── GIVEN RECORDS

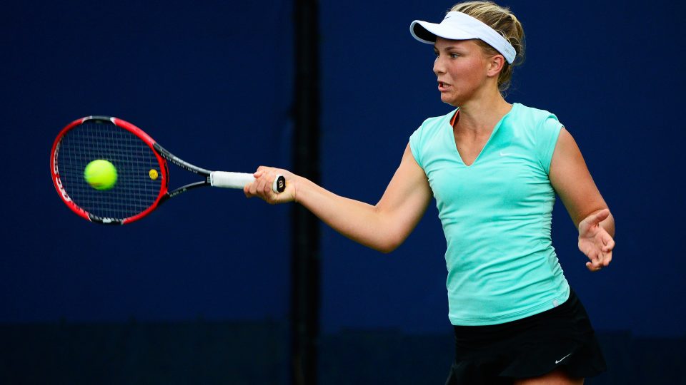 NEW YORK, NY – SEPTEMBER 10: Maddison Inglis of Australia returns a shot to Usue Maitane Arconada of the USA and Maia Lumsden of Great Britain while playing with Kimberly Birrell of the Australia during their Junior Girls’ Doubles Quarterfinals match on Day Eleven of the 2015 US Open at the USTA Billie Jean King National Tennis Center on September 10, 2015 in the Flushing neighborhood of the Queens borough of New York City. (Photo by Alex Goodlett/Getty Images)
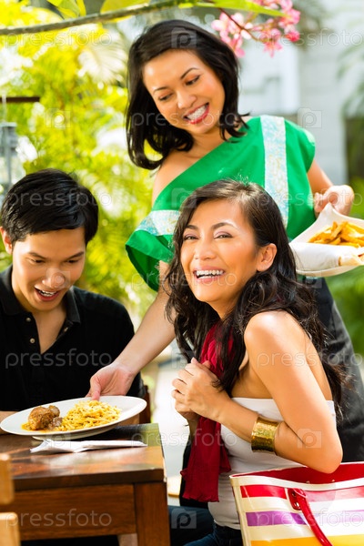 Азиатские мужчина и женщина в ресторане или кафе. Официантка подает блюдо
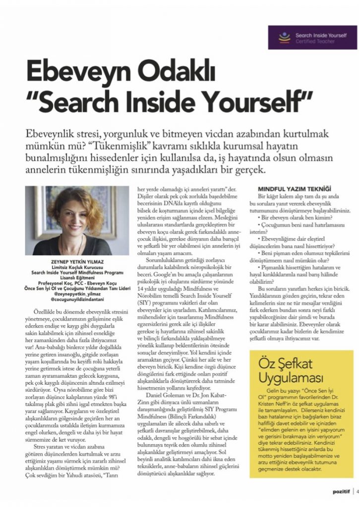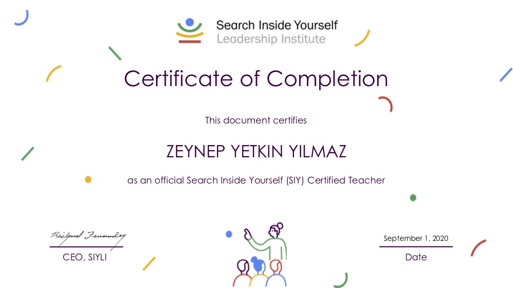 Zeynep’in pozitif dönüşüm ve kaygılarını dindirme yolundaki arayışları onu Google çatısı altında mühendisler için geliştirilen psikoloji ve nörobilim temelli Search Inside Yourself (SIY) Liderlik Enstitüsü Duygusal Zekâ ve Mindfulness Programı ile buluşturdu. Uzun soluklu uluslararası bir eğitim sürecinden sonra SIY liderlik enstitüsünün dünyadaki 700 lisanslı eğitmenlerinden biri olmaya hak kazandı. Bu sayede başta çalışanlar ve ailelerin liderleri anneler olmak üzere, öğretmelerin ve öğrencilerin SIY’in sunduğu pratik ve etkin duygusal zeka tekniklerini hayatlarına dahil etmek için çalışmaya başladı.
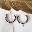 Laat je betoveren door onze met liefde handgemaakte lapis lazuli oorbellen. Gemaakt van duurzaam roestvrij staal, stralen deze oorringen met hun ambachtelijke perfectie. Met een indrukwekkende diameter van 3 cm worden ze versierd door een centrale lapis lazuli edelsteen, verfraaid met subtiele gouden kraalaccenten voor een vleugje luxe. Elk paar is een uniek kunstwerk dankzij de natuurlijke variaties van lapis lazuli. De oorbellen worden geleverd met een eigen etui, klaar om te schitteren in jouw accessoirecollectie. Voeg vandaag nog de tijdloze elegantie van lapis lazuli toe aan je stijl met onze prachtige oorbellen.
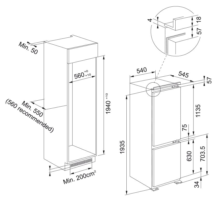 - Размеры для встраивания (ШхВхГ): 540x1935x545 мм.
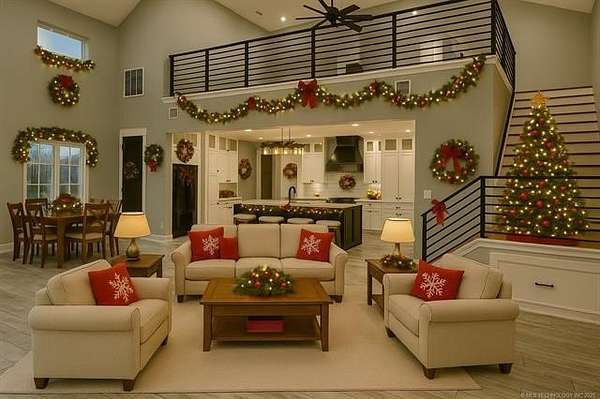 Open-concept layout with vaulted ceilings, cedar beam, and stylish black iron loft railing.
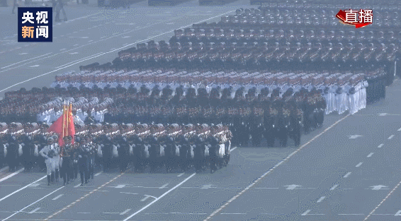分列式上,空中护旗梯队、徒步方队、装备方队、空中梯队依次通过天安门广场,向世人展示了改革强军的成就风貌,彰显了国威军威。
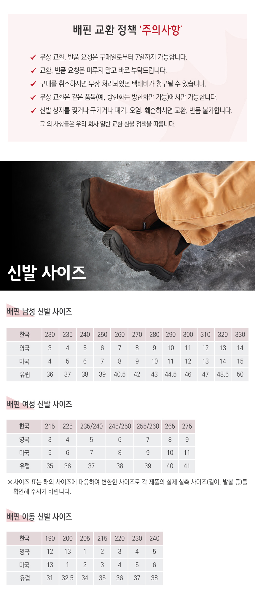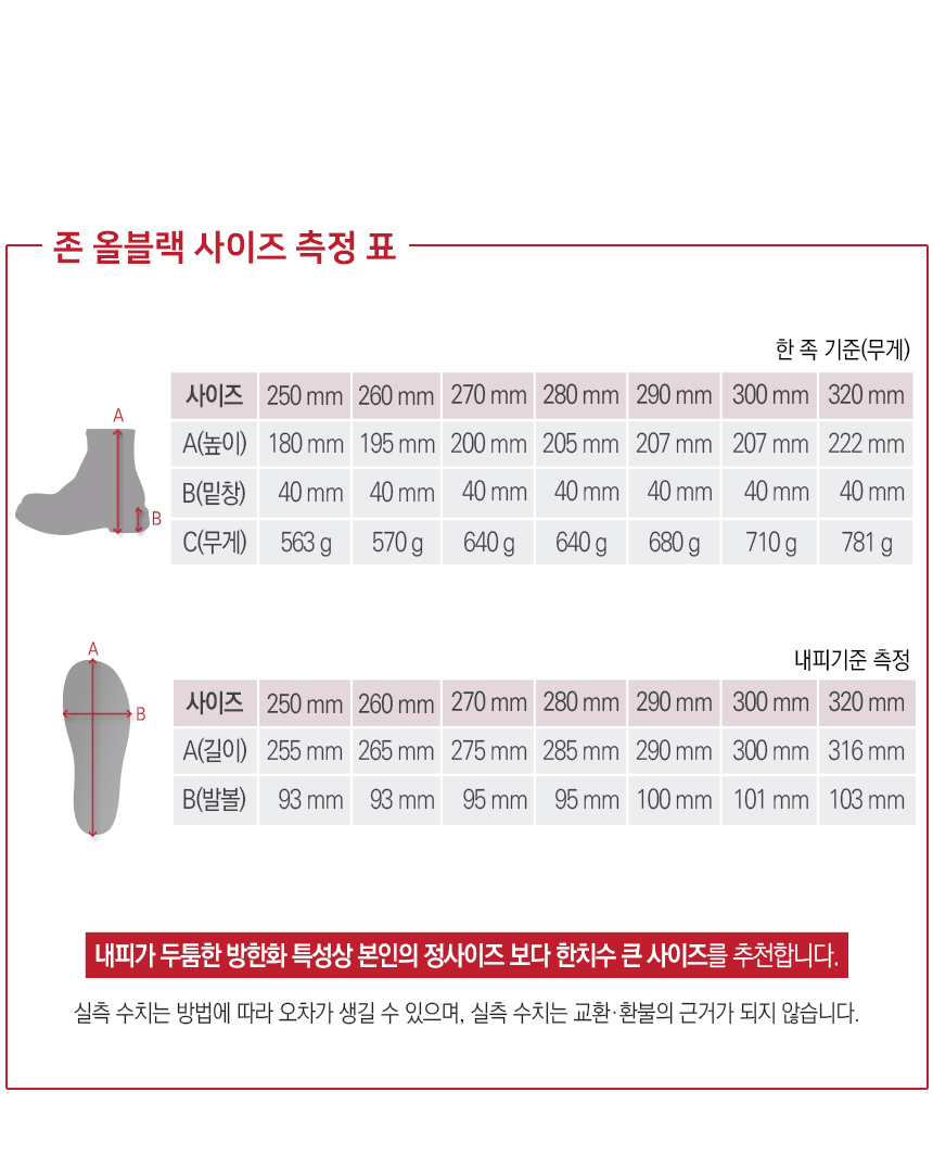 | 크기, 중량 | 발사이즈 : 250, 260, 270, 280, 290, 300, 320mm |
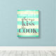 Cette peinture murale de cuisine est sur toile étirée avec une mignonne citation humoristique toujours baiser le cuisinier sur rayures bleues et grises en détresse. OEuvre murale pour décoration de cuisine.

────

→ TASK OBJECTIVE: Could you please write out exactly the lines from the start of the entries above through the line that holds "Азиатские мужчина и", both included, with no pictures?

→ OUTPUT:
 NEW YORK, NY – SEPTEMBER 10: Maddison Inglis of Australia returns a shot to Usue Maitane Arconada of the USA and Maia Lumsden of Great Britain while playing with Kimberly Birrell of the Australia during their Junior Girls’ Doubles Quarterfinals match on Day Eleven of the 2015 US Open at the USTA Billie Jean King National Tennis Center on September 10, 2015 in the Flushing neighborhood of the Queens borough of New York City. (Photo by Alex Goodlett/Getty Images)
 Азиатские мужчина и женщина в ресторане или кафе. Официантка подает блюдо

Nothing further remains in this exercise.